Heading down the home stretch with our Social Libraries 101 series. Today I want to review the lessons we've covered so far, and extract what we've found to be the important components of a successful social library. When planning your social library initiative, it's crucial the initiative not be viewed just as a social networking project. It's not. It hinges on information management disciplines.

Social media is core to a social library. But it's not enough to ensure success. Although value is derived from connecting people, greater value is derived when social media tools are integrated with content. This makes communities, including corporate ones, more effective, agile, and cohesive.

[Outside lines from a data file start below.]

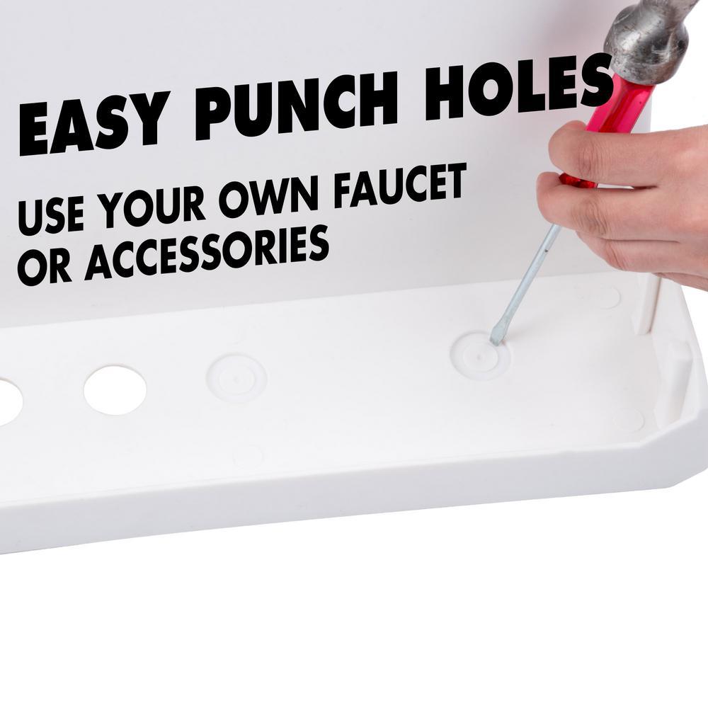 Additional outer pilot holes can accommodate side sprayers and soap dispensers
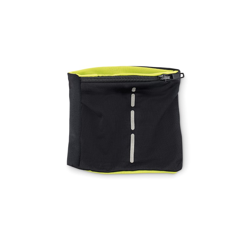 Polsino in lycra con bande catarifrangenti e tasca integrata con chiusura zip.
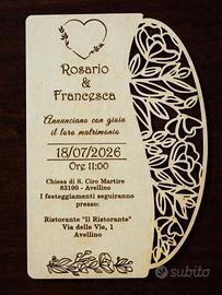 Questi inviti in legno intagliati a laser sono il risultato di un percorso fatto di ascolto, studio e prove.
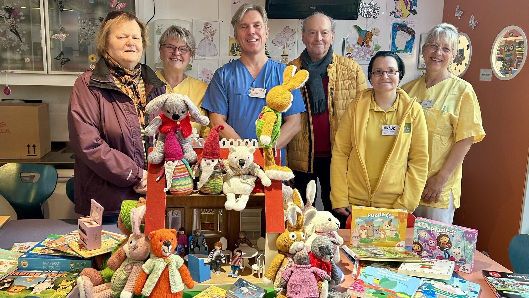 „Die Tiere von Frau Behrmann können wir für die Kinder sehr gut als Tröste- und Tapferkeitstiere einsetzen“, erklärt Schwester Sabine bei der Übergabe. Und damit nicht genug: Zusätzlich übergaben Gabriele und Klaus Behrmann zahlreiche Kinderbücher und Spiele. „Als eine Freundin hörte, was wir vorhaben, übergab sie mir eine ganze Kiste mit Büchern und Spielen für die Klinik“, berichtet Gabriele Behrmann. Auch diese Spende kam sehr gut an. „Die Bücher und Spiele eignen sich hervorragend zur Ablenkung der Kinder“, so Schwester Sabine.
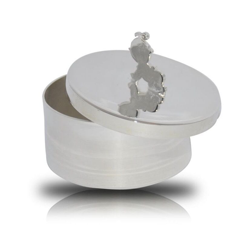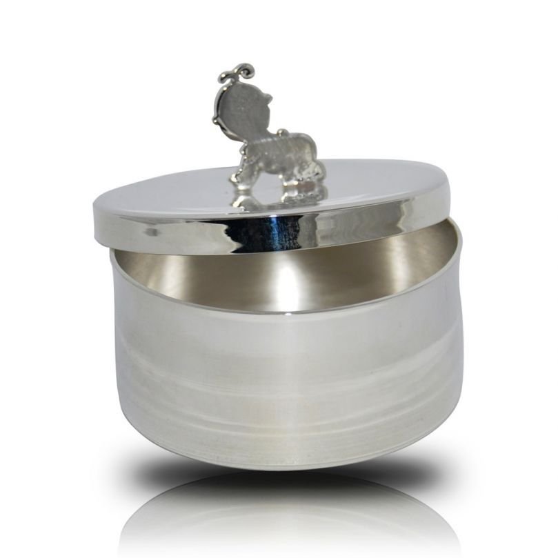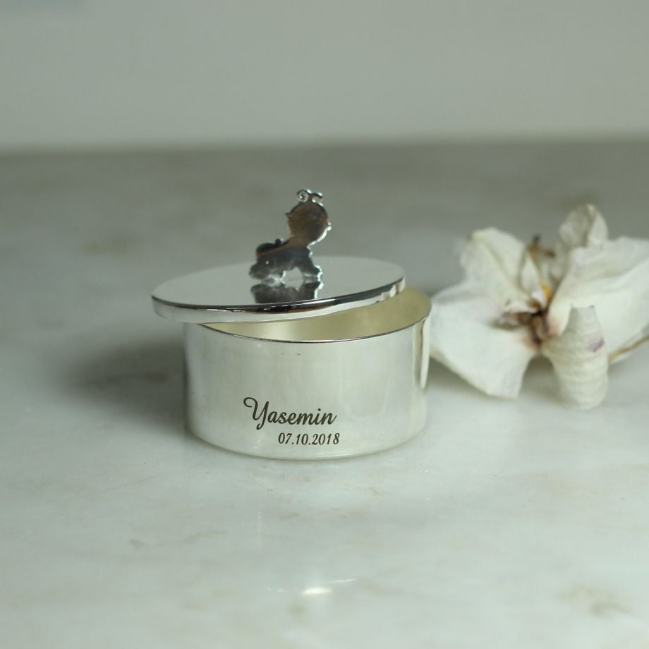 Bebeğinizin ilk buklesi veya ilk dişini güvenle muhafaza edebilmeniz için hazırlanmış 925 ayar gümüş kaplama kutuyu dilerseniz üzerine isim ve tarih yazdırarak sevdiklerinize de çok özel bir hediye olarak sunabilirsiniz.

That's where the social librarian becomes a key part of the social library's success. The role of the social librarian should include:

1. Feeding and weeding. Librarians source current, reliable, and relevant knowledge (both vetted and social), while weeding out outdated, irrelevant, and incomplete information.

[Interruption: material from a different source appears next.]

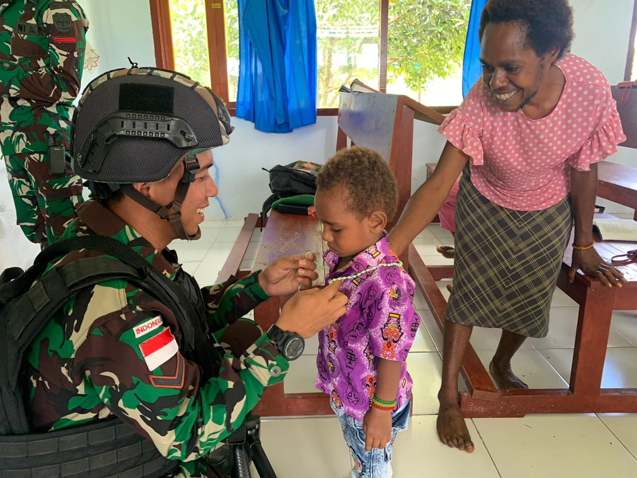 “Saya senang dengan kehadiran TNI di Gereja kami dan saya merasa terhormat dengan dikalungkan rosario ini oleh bapak TNI,” ungkap Mariam.
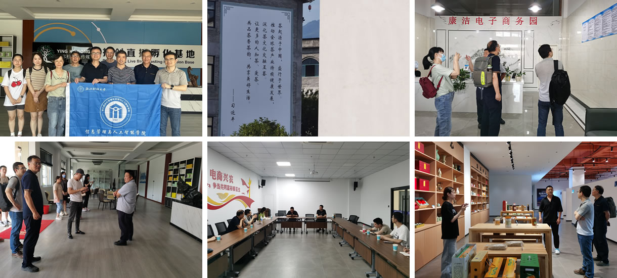 服务团首先来到了松阳县,考察了松阳县康洁电子商务园,这是一家以本地茶叶和自主品牌女装销售为主的电商园区,为了避免茶叶销售的季节性限制,园区企业一方面联合建造了大型茶叶冷藏库以延长茶叶的保存期,另一方面通过运营自主品牌女装来保持业务的持续性,取得了非常好的效果。服务团与园区主要负责人进行了座谈,听取了当地农产品销售、女装设计、电商人才培训和政策扶持等情况的介绍,并就电商运营、物流配送等方面进行了深度交流和探讨,在特色农产品品牌打造、直播电商引入等方面提供了多项建议。随后,服务团一行人参观了迎客松文化传媒旗下的抖创直播孵化基地,了解了本地主播的诞生过程,并且走进直播间,现场体验了直播的氛围。服务团还来到了松阳县电子商务公共服务中心,参观了祥瑞创客产业园,与相关负责人座谈交流,了解松阳县电商和园区近几年的发展情况,就直播人才培训、品牌设计、农产品供应链等关键问题给出了发展建议。松阳县坚定不移地将发展电子商务作为“一把手”工程,连续出台利好政策,积极开展县乡、政企多层联动,创新电商产业孵化机制,吸引5000多人“回巢”从事电商创业,培育电子商务企业(网店)2000余家,带动就业10000余人,农产品网络零售问题位列丽水市第一。同时有效的解决了农村空巢老人、留守儿童的赡养、教育等社会问题,为其它欠发达地区提供了很好的样板。

2. Organizing. Librarians organize, categorize, and create environments to publish and provide more diverse and more social content to the community they serve.

3. Cultivating. Librarians cannot be solely responsible for ensuring the information published is the most useful and relevant. They must cultivate the social library by partnering with their organization’s experts.

In addition, there are actions organizations can take to create, implement, use and maintain a robust social library. In our experience working with organizations who've implemented Presto, we'd recommend:

1. Start with your end game in mind. Ask about problems to be addressed, desired results, and audiences to be served.

2. Have an information strategy. Identify the organization’s content, structure and strategy to collect, organize, and publish library content. Keep content as the priority.

3. Have a community strategy. Discuss and determine how social information can benefit and augment vetted information. Specify the content you will socialize and the content that is better left alone. Identify the formal and informal leaders and the roles they will play (blogging, etc.). Know the core benefit you deliver and what behavior you enable.

4. Play an active role. Actively manage information pathways by using social contributions to modify weeding and feeding strategies. Create global alerts and other time-savers to make the system most useful.

5. Monitor business impact and deliver value. Measure objectives before and after implementation of your social library. Monitor contributor’s adoption. Employ use reporting to understand who, what, and how often information is used. Focus on quality, and individual and organizational productivity.